A huge bitcoin amount — nearly $1 billion — has been moved out of a bitcoin address that may have ties to the Silk Road black market, according to a blog post from Elliptic. The London-based company provides blockchain analysis.

As the post notes, Ross Ulbricht received a double life sentence for his role in creating and operating the Silk Road online marketplace.

“The Silk Road was groundbreaking in that it combined two privacy-preserving technologies — bitcoin and Tor — to enable the seemingly anonymous trade of illicit goods and services,” wrote Dr. Tom Robinson, Elliptic co-founder and chief scientist.

He said the bitcoin address that was accessed was “also notable because an encrypted file has been circulating on hacker forums for the past year, which purportedly contains keys required to seize the bitcoins in this address. If genuine, cracking the password on this file would allow these bitcoins to be moved.”
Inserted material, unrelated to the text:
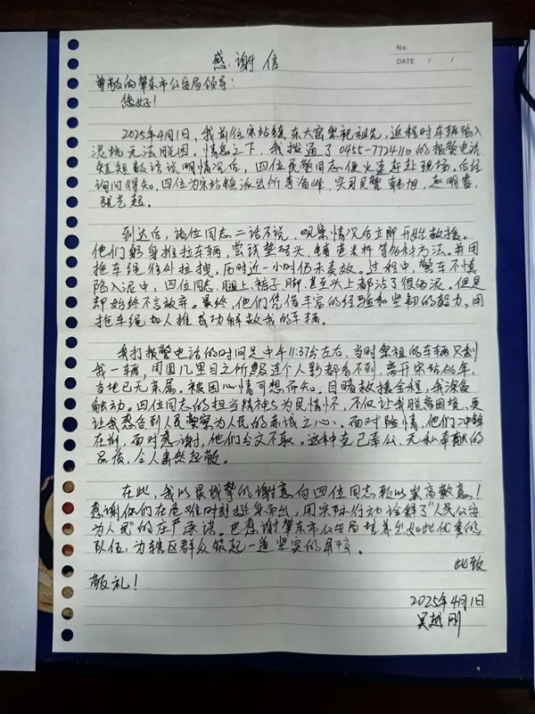 近日,肇東市公安局宋站派出所民警用實(shí)際行動(dòng)書寫了為民服務(wù)的暖心篇章。民警張臨帶領(lǐng)新警張藝超、韓旭、趙明睿,成功幫助一名外地司機(jī)吳先生將陷在泥地里的轎車拖拽出來(lái),讓司機(jī)在困境中感受到了人民警察的關(guān)懷與擔(dān)當(dāng),4月7日,群眾吳先生親自到肇東市公安局為“春苗”民警和宋站派出所民輔警送來(lái)感謝信。

Robinson added that “through blockchain analysis, we can determine that these funds likely originated from the Silk Road.” He said the bitcoins “left the Silk Road’s wallet” in 2012 before being put into the bitcoin address in question the next year.
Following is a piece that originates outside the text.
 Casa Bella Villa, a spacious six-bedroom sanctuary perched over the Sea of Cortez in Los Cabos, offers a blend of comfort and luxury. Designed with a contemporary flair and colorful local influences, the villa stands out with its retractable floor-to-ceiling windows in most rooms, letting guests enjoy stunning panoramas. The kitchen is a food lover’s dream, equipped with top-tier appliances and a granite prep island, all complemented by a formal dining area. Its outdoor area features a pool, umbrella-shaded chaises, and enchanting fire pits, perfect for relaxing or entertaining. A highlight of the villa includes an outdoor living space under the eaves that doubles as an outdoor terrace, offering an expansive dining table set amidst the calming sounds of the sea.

“The movement of these bitcoins today (Nov. 4), now worth around $955 million, may represent Ulbricht or a Silk Road vendor moving their funds,” he continued. “However, it seems unlikely that Ulbricht would be able to conduct a bitcoin transaction from prison. Alternatively, the encrypted wallet file may have been real, and the password has now been cracked — allowing the bitcoins to be moved.”

“There has always been the suspicion that proceeds of the Silk Road may remain in circulation,” noted Robinson, adding that “total commissions earned by the Silk Road” are believed to have been some $6 billion in today’s market.
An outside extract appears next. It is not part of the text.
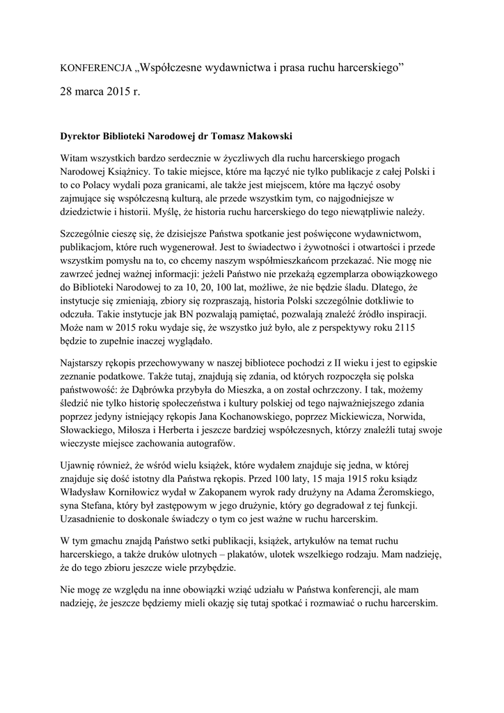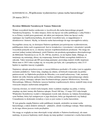 KONFERENCJA „Współczesne wydawnictwa i prasa ruchu harcerskiego” 28 marca 2015 r. Dyrektor Biblioteki Narodowej dr Tomasz Makowski Witam wszystkich bardzo serdecznie w życzliwych dla ruchu harcerskiego progach Narodowej Książnicy. To takie miejsce, które ma łączyć nie tylko publikacje z całej Polski i to co Polacy wydali poza granicami, ale także jest miejscem, które ma łączyć osoby zajmujące się współczesną kulturą, ale przede wszystkim tym, co najgodniejsze w dziedzictwie i historii. Myślę, że historia ruchu harcerskiego do tego niewątpliwie należy. Szczególnie cieszę się, że dzisiejsze Państwa spotkanie jest poświęcone wydawnictwom, publikacjom, które ruch wygenerował. Jest to świadectwo i żywotności i otwartości i przede wszystkim pomysłu na to, co chcemy naszym współmieszkańcom przekazać. Nie mogę nie zawrzeć jednej ważnej informacji: jeżeli Państwo nie przekażą egzemplarza obowiązkowego do Biblioteki Narodowej to za 10, 20, 100 lat, możliwe, że nie będzie śladu. Dlatego, że instytucje się zmieniają, zbiory się rozpraszają, historia Polski szczególnie dotkliwie to odczuła. Takie instytucje jak BN pozwalają pamiętać, pozwalają znaleźć źródło inspiracji. Może nam w 2015 roku wydaje się, że wszystko już było, ale z perspektywy roku 2115 będzie to zupełnie inaczej wyglądało. Najstarszy rękopis przechowywany w naszej bibliotece pochodzi z II wieku i jest to egipskie zeznanie podatkowe. Także tutaj, znajdują się zdania, od których rozpoczęła się polska państwowość: że Dąbrówka przybyła do Mieszka, a on został ochrzczony. I tak, możemy śledzić nie tylko historię społeczeństwa i kultury polskiej od tego najważniejszego zdania poprzez jedyny istniejący rękopis Jana Kochanowskiego, poprzez Mickiewicza, Norwida, Słowackiego, Miłosza i Herberta i jeszcze bardziej współczesnych, którzy znaleźli tutaj swoje wieczyste miejsce zachowania autografów. Ujawnię również, że wśród wielu książek, które wydałem znajduje się jedna, w której znajduje się dość istotny dla Państwa rękopis. Przed 100 laty, 15 maja 1915 roku ksiądz Władysław Korniłowicz wydał w Zakopanem wyrok rady drużyny na Adama Żeromskiego, syna Stefana, który był zastępowym w jego drużynie, który go degradował z tej funkcji. Uzasadnienie to doskonale świadczy o tym co jest ważne w ruchu harcerskim. W tym gmachu znajdą Państwo setki publikacji, książek, artykułów na temat ruchu harcerskiego, a także druków ulotnych – plakatów, ulotek wszelkiego rodzaju. Mam nadzieję, że do tego zbioru jeszcze wiele przybędzie. Nie mogę ze względu na inne obowiązki wziąć udziału w Państwa konferencji, ale mam nadzieję, że jeszcze będziemy mieli okazję się tutaj spotkać i rozmawiać o ruchu harcerskim. Lech Majewski, przedstawiciel Macieja Klimczaka, Ministra w Kancelarii Prezydenta RP Nie mogło na tej konferencji zabraknąć przedstawiciela instytucji, która obsługuje Protektora Harcerstwa, będę się przysłuchiwał konferencji. Dziękuję Panu dyrektorowi Makowskiemu za możliwość organizacji tej konferencji w Bibliotece Narodowej. Intencją Pana Prezydenta jest to, aby w miarę naszych możliwości wspierać ruch harcerski, w którym dostrzegamy wielką wartość, która nie przeminęła, a wprost przeciwnie - w nowych czasach zyskuje nowe funkcje i zadania, ale też te stare funkcje chyba się wzmacniają. Życzę Państwu, aby przedsięwzięcia takie jak ta konferencja służyły rzeczywistej rozbudowie i wzmocnieniu harcerstwa – tych wszystkich organizacji, które znajdują się pod protektoratem Pana Prezydenta. Znajdziecie w nas Państwo zawsze wspomożenie i wielkich zwolenników Państwa działalności. Prezeska Fundacji Harcerstwa Drugiego Stulecia, Monika Figiel Bardzo dziękuję panu Dyrektorowi za to, że możemy w tak godnym miejscu rozmawiać o współczesnych wydawnictwach i o prasie ruchu harcerskiego. To niewątpliwie nadaje tej naszej rozmowie i dyskusji inny wymiar, niż gdybyśmy rozmawiali wyłącznie w gronie harcerskim. Serdeczne dzięki Prezydentowi za wsparcie całego ruchu harcerskiego, co niejednokrotnie odczuwamy. Powiem słowo o naszej fundacji – powstała ona z inspiracji instruktorów, którzy zmieniali polską i harcerską rzeczywistość w latach 80-tych. Naszym głównym działaniem jest inspirowanie i wspieranie kształcenia instruktorów ze wszystkich organizacji harcerskich. Instruktorzy są tacy jak ich kształcenie, a ono z kolei opiera się o myśl. Jeżeli nie zostanie ona spisana, utrwalona w pewnej dyscyplinie intelektualnej, czy to w prasie czy w wydawnictwach, tym samym staje się ulotna i nieprzekazywalna. Czasem nie mamy mistrzów bezpośrednich, brak osób, od których możemy się uczyć prawdziwych harcerskich wartości czy harcerskiej praktyki, natomiast wielu z nas czerpało z książek czy też z artykułów spisanych w prasie harcerskiej. Być może ruch harcerski będzie przeżywał różne kryzysy, ale książki w Bibliotece Narodowej przetrwają. Mam nadzieję, że ta konferencja będzie inspiracją zarówno dla tych, którzy tworzą myśl harcerską, intelektualny poziom organizacji harcerskich. Poprzez to, że być może wydamy materiały pokonferencyjne i ta myśl dotrze do tych młodych ludzi, których tu dziś nie ma z nami na sali. Działania naszej fundacji mają charakter „ekumeniczny” – ruch harcerski jest wspólnym dobrem, o czym świadczy także i to, że dziś obok siebie na tej sali siedzą Przewodnicząca ZHR z Wiceprzewodniczącą ZHP. Życzę wszystkim owocnych obrad. Panel I „Wydawnictwa o ruchu harcerskim”, prowadzący harcmistrz Wojciech Hausner, nauczyciel, historyk, redaktor naczelny „Krakowskiego Rocznika Historii Harcerstwa”. hm Wojciech Hausner Chciałbym przedstawić uczestników panelu: hm dr Janusz Wojtycza, harcmistrz, historyk i pedagog, pracownik Krakowskiej Akademii im. A. F

The U.S. government is taking note of bitcoin’s allure to scammers. FBI Director Christopher Wray said his agents have observed the dangers of cryptocurrency’s criminal usage firsthand. “We see criminals using cryptocurrency to try to prevent us from ‘following the money’ across a wide range of investigations, as well as to trade in illicit goods like criminal tools on the dark web,” Wray said.